## [Raw data]
○ ○ ○
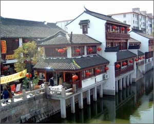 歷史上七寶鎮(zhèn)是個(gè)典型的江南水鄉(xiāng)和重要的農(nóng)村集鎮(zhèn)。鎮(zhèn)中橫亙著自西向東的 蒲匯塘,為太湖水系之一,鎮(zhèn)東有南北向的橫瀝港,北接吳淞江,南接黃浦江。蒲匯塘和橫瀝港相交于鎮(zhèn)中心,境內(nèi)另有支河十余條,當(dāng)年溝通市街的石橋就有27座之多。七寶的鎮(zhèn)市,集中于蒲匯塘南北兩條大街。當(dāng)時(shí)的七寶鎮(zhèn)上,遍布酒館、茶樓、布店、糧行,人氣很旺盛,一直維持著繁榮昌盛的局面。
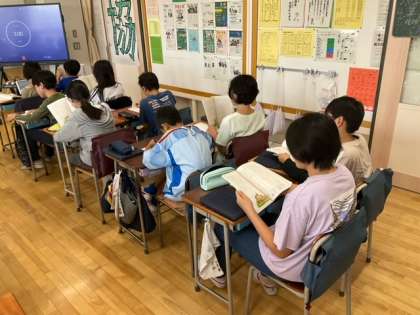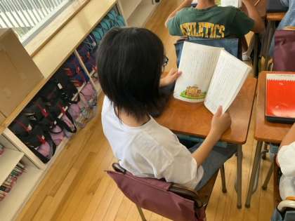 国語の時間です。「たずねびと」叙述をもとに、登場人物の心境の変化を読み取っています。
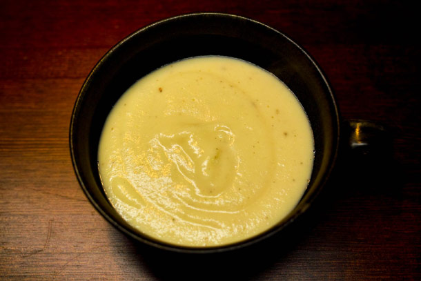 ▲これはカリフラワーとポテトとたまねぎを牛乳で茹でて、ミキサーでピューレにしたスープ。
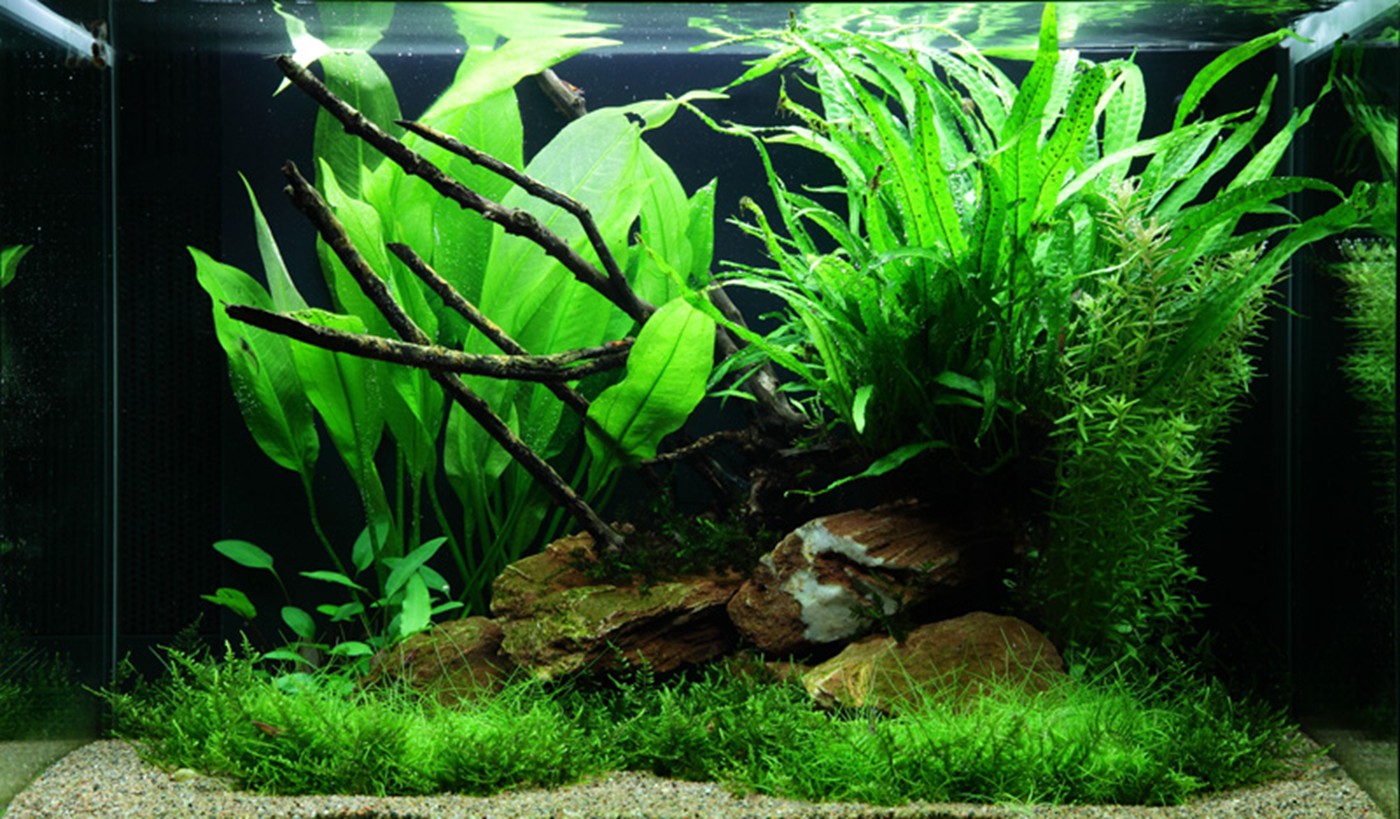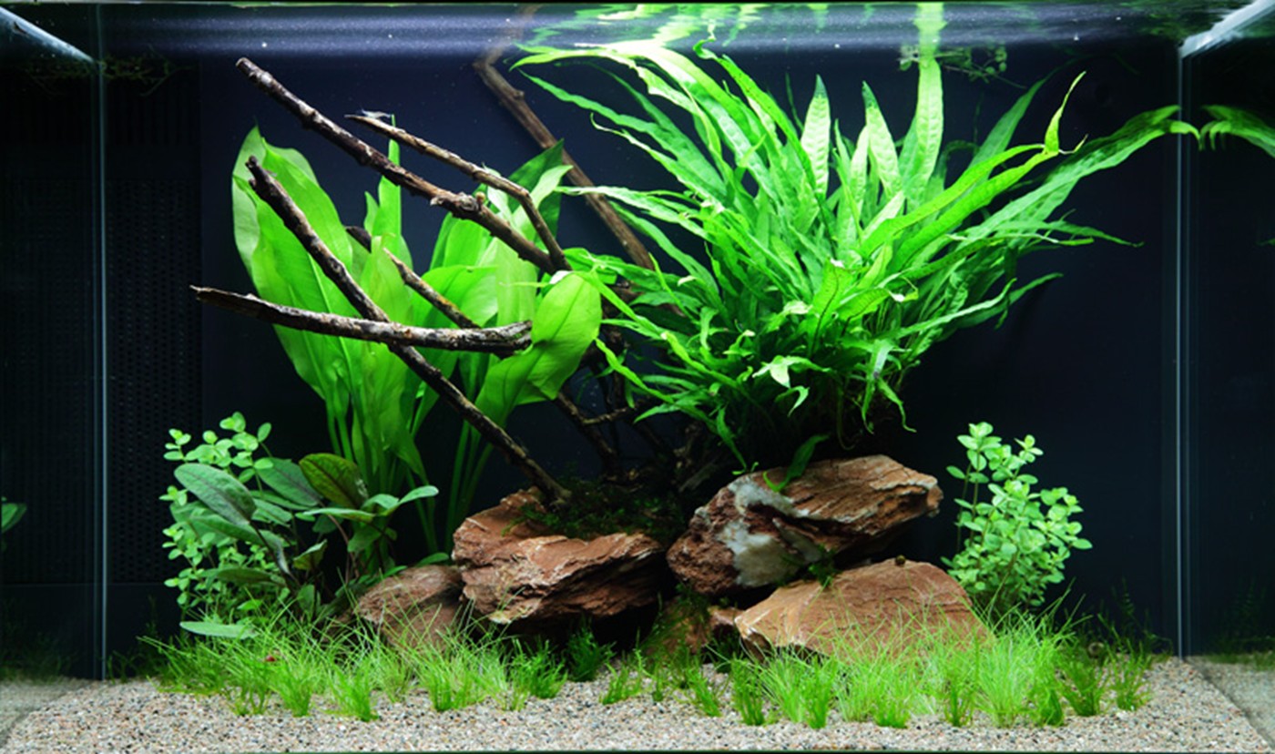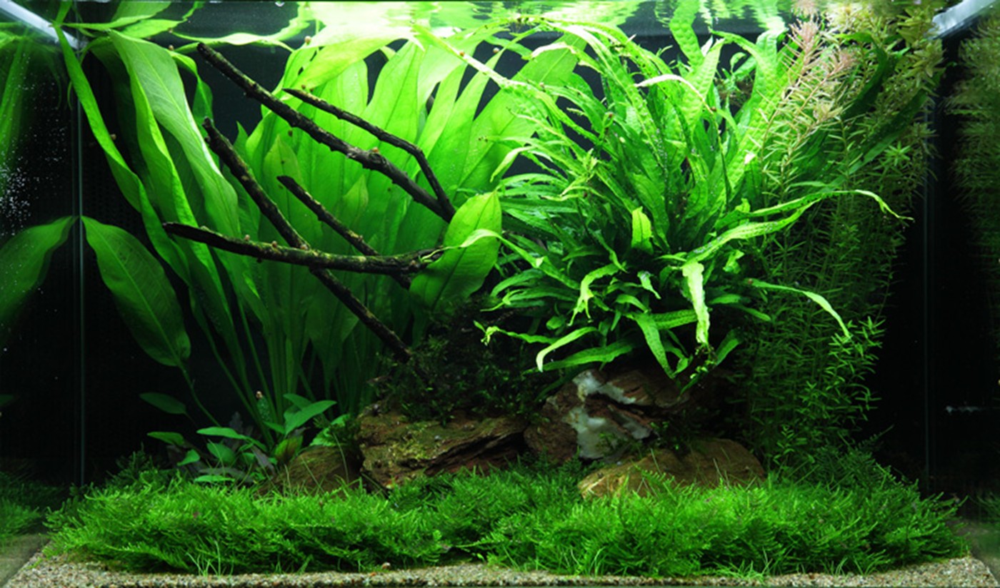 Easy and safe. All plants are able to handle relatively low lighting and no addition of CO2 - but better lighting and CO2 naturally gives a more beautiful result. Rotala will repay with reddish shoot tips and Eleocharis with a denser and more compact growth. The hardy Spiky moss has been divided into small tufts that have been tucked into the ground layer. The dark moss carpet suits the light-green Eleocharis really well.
○ ○ ○
## [How to complete this task]
Write the listing above out again word for word, excluding all images.

## [Response area]
 歷史上七寶鎮(zhèn)是個(gè)典型的江南水鄉(xiāng)和重要的農(nóng)村集鎮(zhèn)。鎮(zhèn)中橫亙著自西向東的 蒲匯塘,為太湖水系之一,鎮(zhèn)東有南北向的橫瀝港,北接吳淞江,南接黃浦江。蒲匯塘和橫瀝港相交于鎮(zhèn)中心,境內(nèi)另有支河十余條,當(dāng)年溝通市街的石橋就有27座之多。七寶的鎮(zhèn)市,集中于蒲匯塘南北兩條大街。當(dāng)時(shí)的七寶鎮(zhèn)上,遍布酒館、茶樓、布店、糧行,人氣很旺盛,一直維持著繁榮昌盛的局面。
 国語の時間です。「たずねびと」叙述をもとに、登場人物の心境の変化を読み取っています。
 ▲これはカリフラワーとポテトとたまねぎを牛乳で茹でて、ミキサーでピューレにしたスープ。
 Easy and safe. All plants are able to handle relatively low lighting and no addition of CO2 - but better lighting and CO2 naturally gives a more beautiful result. Rotala will repay with reddish shoot tips and Eleocharis with a denser and more compact growth. The hardy Spiky moss has been divided into small tufts that have been tucked into the ground layer. The dark moss carpet suits the light-green Eleocharis really well.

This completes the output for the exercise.